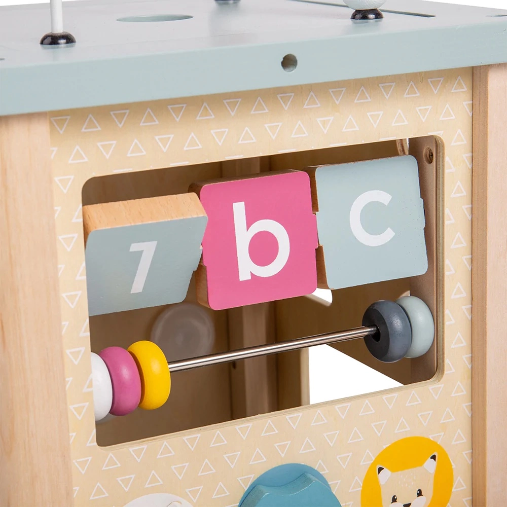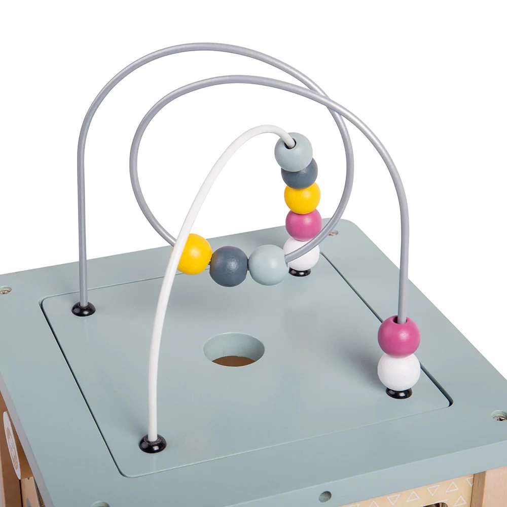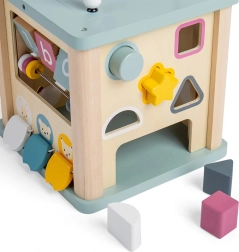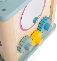 Atraskite universalų motorinį kubą iš aukštos kokybės 100% FSC medienos, kuris ilgam sudomins vaikus. Kiekvienoje pusėje laukia vis kita veikla – formelių rūšiuoklis, rutuliukų trasa, dantyti krumpliaračiai ir daugiau. Natūralios medienos ir švelnių pastelinių spalvų derinys tinka tiek berniukams, tiek mergaitėms. Žaislas skatina motorikos, komunikacijos ir skaičių atpažinimo raidą ir yra saugus vaikams dėl ekologiškų, FSC sertifikuotų medžiagų.
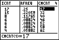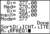 We could stop our calculator work here. After all, we have 10 rows of values and we could sort those rows by hand putting the row with 17 in LICNT at the top, followed by the row with 15 in LICNT, followed by the row with 8 in LICNT, and so on. Then we can construct, by hand, a Pareto chart by using the associated frequencies to determine the height of each bar on the chart. If we make the first bar, the one associated with the value 377, 10 centimeters tall, then the height of the bar representing 376, with 15 as its frequency will be determined by 15*(10/17). This calculation was presented and discussed in the material on bar charts. On the other hand, perhaps we can get the calculator to sort this information for us. |
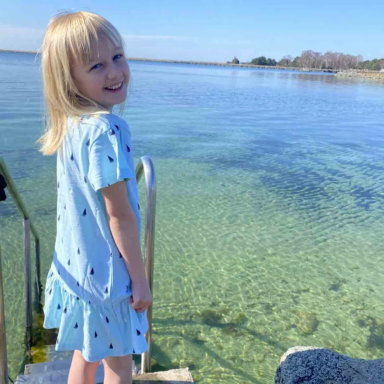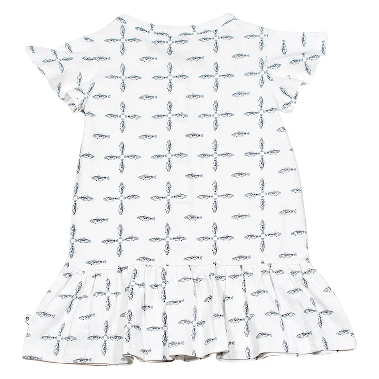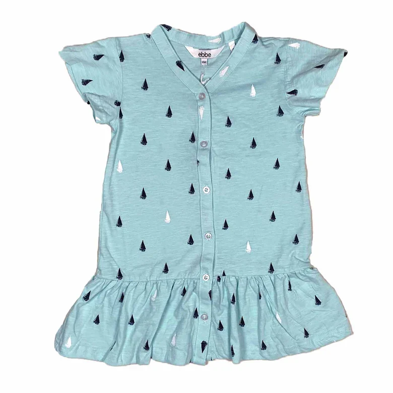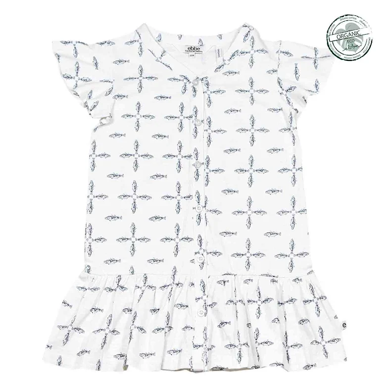 Klänning med fjärilsärm i avslappnad passform tillverkad i mjuk slubtrikå av ekologisk bomull. Klänningen har en snygg V-ringning i halsen och knäppkant fram med både funktionella och dekorativa knappar. Korta volangärmar och skärning vid höften med en volang nederdel. Den perfekta sommarklänningen, tunn, skön och snäll mot barnets hud.
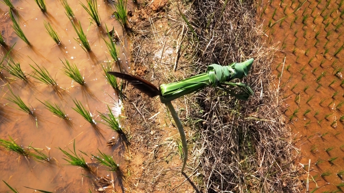 Kết thúc nghi lễ, chủ hộ hoặc một người trong gia đình sẽ mang những cây lau trước đó đã được cắm lông gà đi cắm vào bờ các thửa ruộng. Đến thửa cuối cùng, cây lau phải quay ngược lại thể hiện ruộng của gia đình chỉ đến đó và thổ công, thổ địa hãy bảo vệ những thửa ruộng của gia đình.
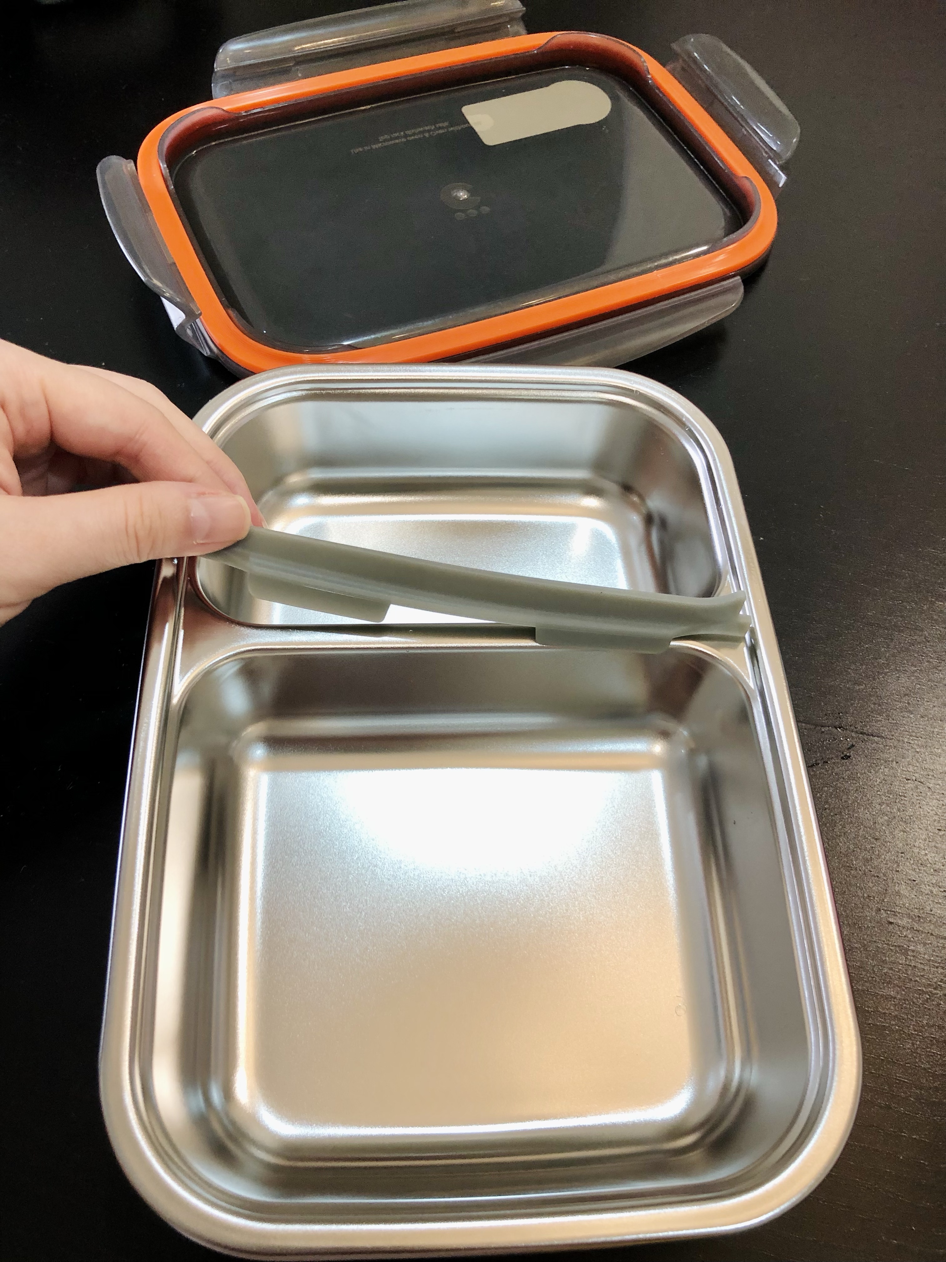 部分中間有活動式矽膠檔板,打包外帶時可以阻隔食物的湯汁氣味不會互相渲染。
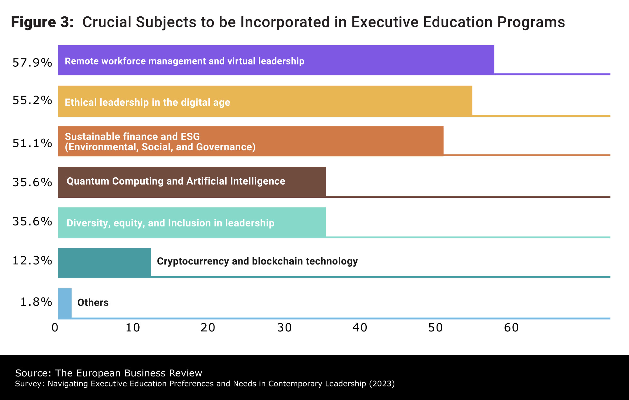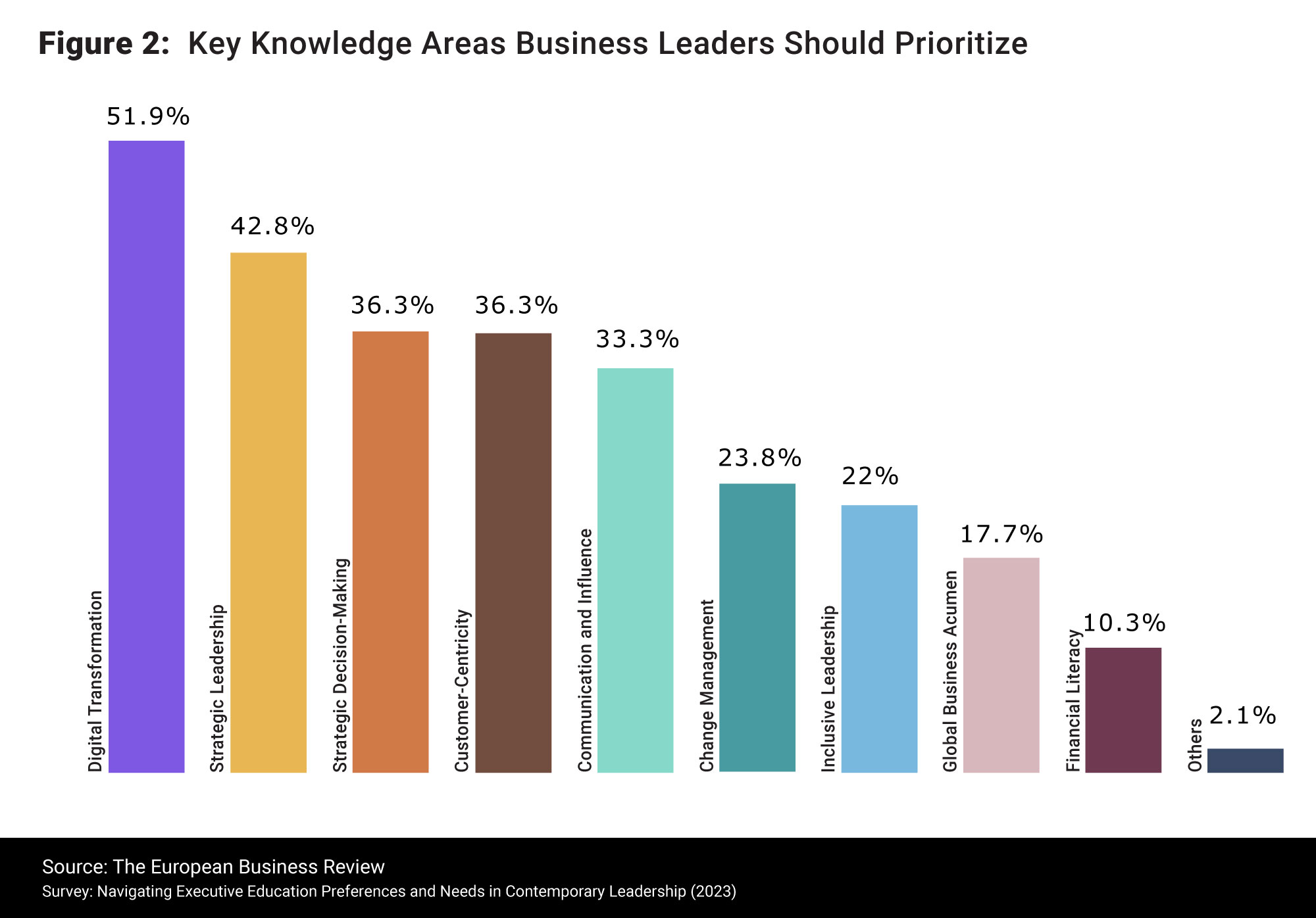 As companies navigate the fast-changing, modern business landscape, characterized by volatility, uncertainty, complexity, and ambiguity (VUCA), the imperative for digital transformation has become undeniable. In this environment, executives are acutely aware of the pivotal role strategic and digital leadership skills play in driving success. They understand that mastering the art of strategic decision-making is paramount for thriving in rapidly evolving and fiercely competitive industries. Our survey results show that a significant 59.4% of respondents recognize the urgent need for an executive program that emphasizes the criticality of strategic leadership and management in the digital age, 41.4% want a program that addresses business analytics and data-driven decision-making under digital transformation, while 40.9% want to learn about effective communication and influence.
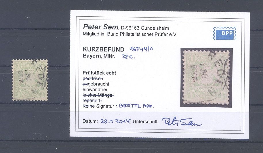 Bayern Michel Nummer 32c, 1 Kreuzer Wappen 1875 in der Farbe c gestempelt, ein schöner Wert. Es liegt ein Befund BPP Vor, ist mit eingescannt, hat bereits einiges gekostet.
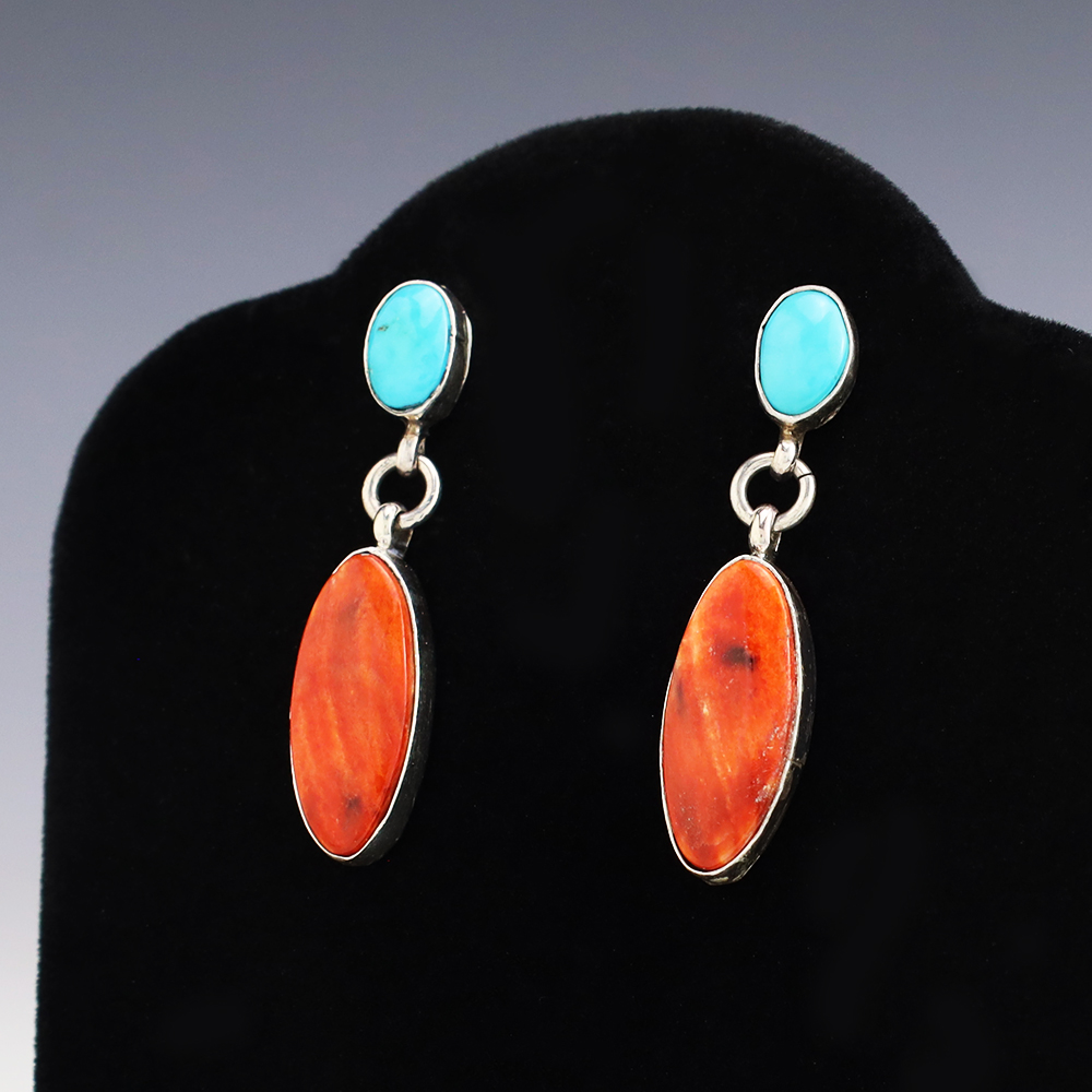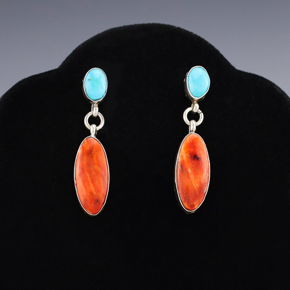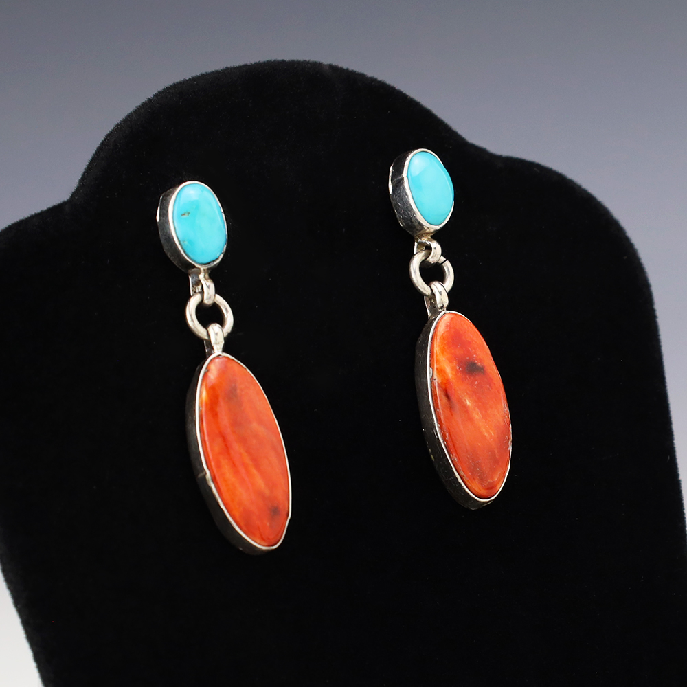 NATIVE AMERICAN ZUNI TURQUOISE EARRINGS BY NANCY & SHELDON WESTIKA
**********
▶ Required work:
Give back the material above exactly as it appears, minus the pictures.

▶ Problem solution:
 Atraskite universalų motorinį kubą iš aukštos kokybės 100% FSC medienos, kuris ilgam sudomins vaikus. Kiekvienoje pusėje laukia vis kita veikla – formelių rūšiuoklis, rutuliukų trasa, dantyti krumpliaračiai ir daugiau. Natūralios medienos ir švelnių pastelinių spalvų derinys tinka tiek berniukams, tiek mergaitėms. Žaislas skatina motorikos, komunikacijos ir skaičių atpažinimo raidą ir yra saugus vaikams dėl ekologiškų, FSC sertifikuotų medžiagų.
 We could stop our calculator work here. After all, we have 10 rows of values and we could sort those rows by hand putting the row with 17 in LICNT at the top, followed by the row with 15 in LICNT, followed by the row with 8 in LICNT, and so on. Then we can construct, by hand, a Pareto chart by using the associated frequencies to determine the height of each bar on the chart. If we make the first bar, the one associated with the value 377, 10 centimeters tall, then the height of the bar representing 376, with 15 as its frequency will be determined by 15*(10/17). This calculation was presented and discussed in the material on bar charts. On the other hand, perhaps we can get the calculator to sort this information for us. |
 Klänning med fjärilsärm i avslappnad passform tillverkad i mjuk slubtrikå av ekologisk bomull. Klänningen har en snygg V-ringning i halsen och knäppkant fram med både funktionella och dekorativa knappar. Korta volangärmar och skärning vid höften med en volang nederdel. Den perfekta sommarklänningen, tunn, skön och snäll mot barnets hud.
 Kết thúc nghi lễ, chủ hộ hoặc một người trong gia đình sẽ mang những cây lau trước đó đã được cắm lông gà đi cắm vào bờ các thửa ruộng. Đến thửa cuối cùng, cây lau phải quay ngược lại thể hiện ruộng của gia đình chỉ đến đó và thổ công, thổ địa hãy bảo vệ những thửa ruộng của gia đình.
 部分中間有活動式矽膠檔板,打包外帶時可以阻隔食物的湯汁氣味不會互相渲染。
 As companies navigate the fast-changing, modern business landscape, characterized by volatility, uncertainty, complexity, and ambiguity (VUCA), the imperative for digital transformation has become undeniable. In this environment, executives are acutely aware of the pivotal role strategic and digital leadership skills play in driving success. They understand that mastering the art of strategic decision-making is paramount for thriving in rapidly evolving and fiercely competitive industries. Our survey results show that a significant 59.4% of respondents recognize the urgent need for an executive program that emphasizes the criticality of strategic leadership and management in the digital age, 41.4% want a program that addresses business analytics and data-driven decision-making under digital transformation, while 40.9% want to learn about effective communication and influence.
 Bayern Michel Nummer 32c, 1 Kreuzer Wappen 1875 in der Farbe c gestempelt, ein schöner Wert. Es liegt ein Befund BPP Vor, ist mit eingescannt, hat bereits einiges gekostet.
 NATIVE AMERICAN ZUNI TURQUOISE EARRINGS BY NANCY & SHELDON WESTIKA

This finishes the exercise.